Tips and Troubleshooting

  • If you’re having connection issues, double-check your proxy credentials and make sure you’re using the correct endpoint and port for your chosen product.
  • The proxy password format (your_password_session-anychars_mode-speed) includes additional parameters. Make sure to replace your_password with your actual password while keeping the session-anychars_mode-speed part intact.

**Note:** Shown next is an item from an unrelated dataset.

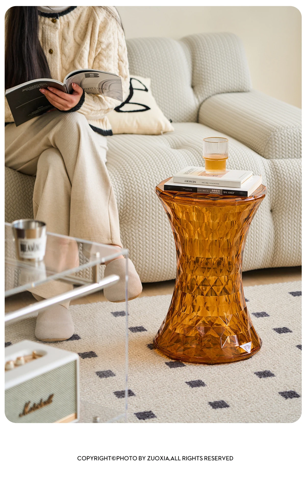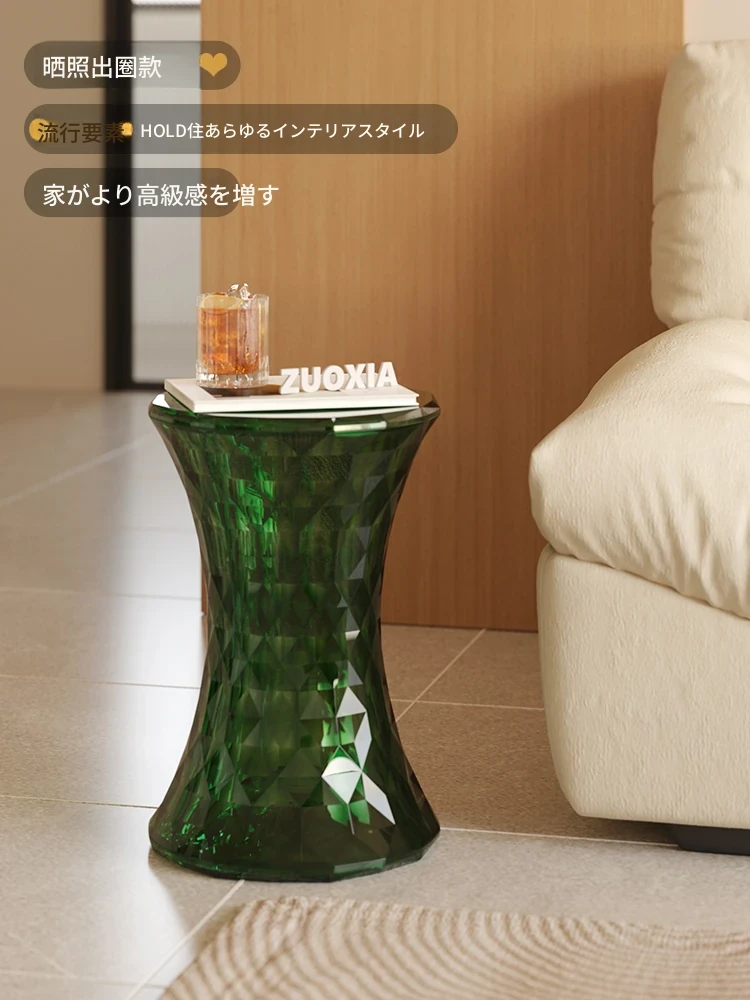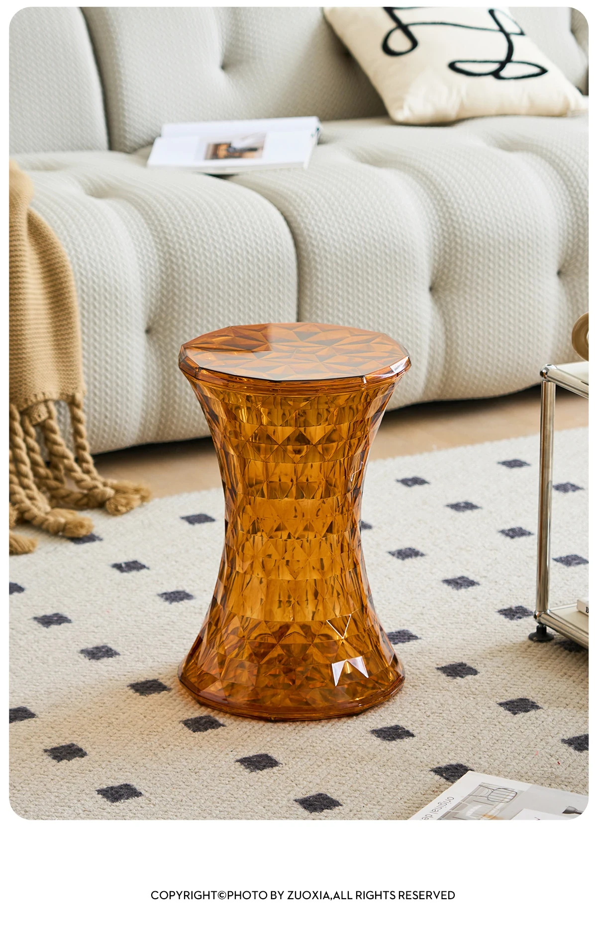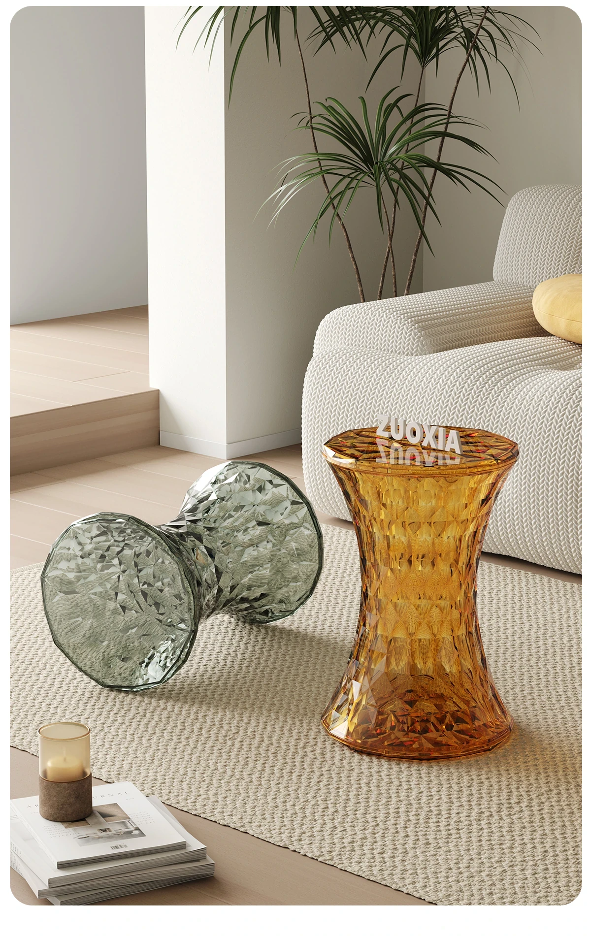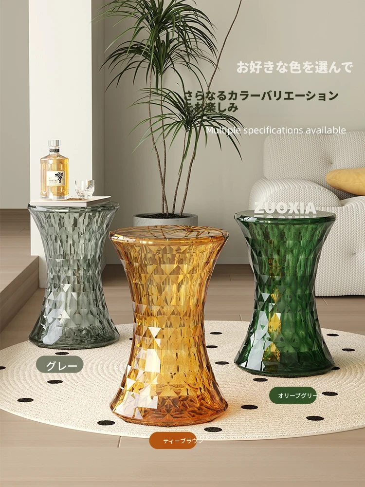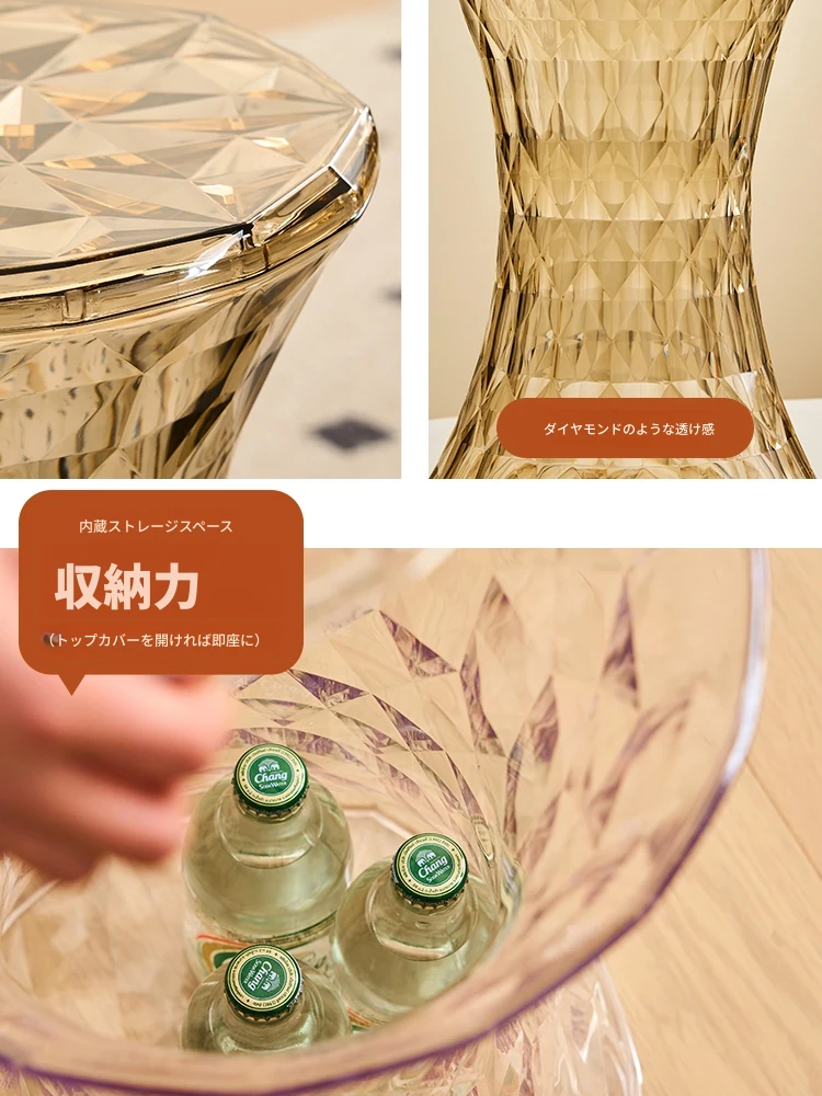 左下インフルエンサーおすすめ化粧台スツール - アクリル製のシンプルでおしゃれな透明クリスタル円形スツール、靴を履く時やメイク時に最適!あなたの部屋に洗練された雰囲気をプラスします。

  • For HTTPS connections, you might need to disable SSL verification (use with caution in production):
    DOWNLOADER_MIDDLEWARES = {
        'scrapy.downloadermiddlewares.httpproxy.HttpProxyMiddleware': None,
        'your_project_name.proxy_middleware.ProxyMiddleware': 350,
        'scrapy.downloadermiddlewares.ssl.HttpsProxyMiddleware': 400,
    }
    
    DOWNLOAD_HANDLERS = {
        "https": "scrapy.core.downloader.handlers.http2.H2DownloadHandler",
    }
  • If you need to use a SOCKS5 proxy, you’ll need to install the scrapy-socks package:
    pip install scrapy-socks
    Then update your settings.py file:
    PROXY_URL = f'socks5://{PROXY_USER}:{PROXY_PASS}@{PROXY_HOST}:{PROXY_PORT}'
    DOWNLOAD_HANDLERS = {
        "http": "scrapy_socks.handlers.http.SOCKSDownloadHandler",
        "https": "scrapy_socks.handlers.http.SOCKSDownloadHandler",
    }
  • Remember to handle errors appropriately in your production code, as network requests can fail for various reasons.

By following this guide, you should now be able to successfully integrate Evomi’s proxies with your Scrapy projects for web scraping tasks.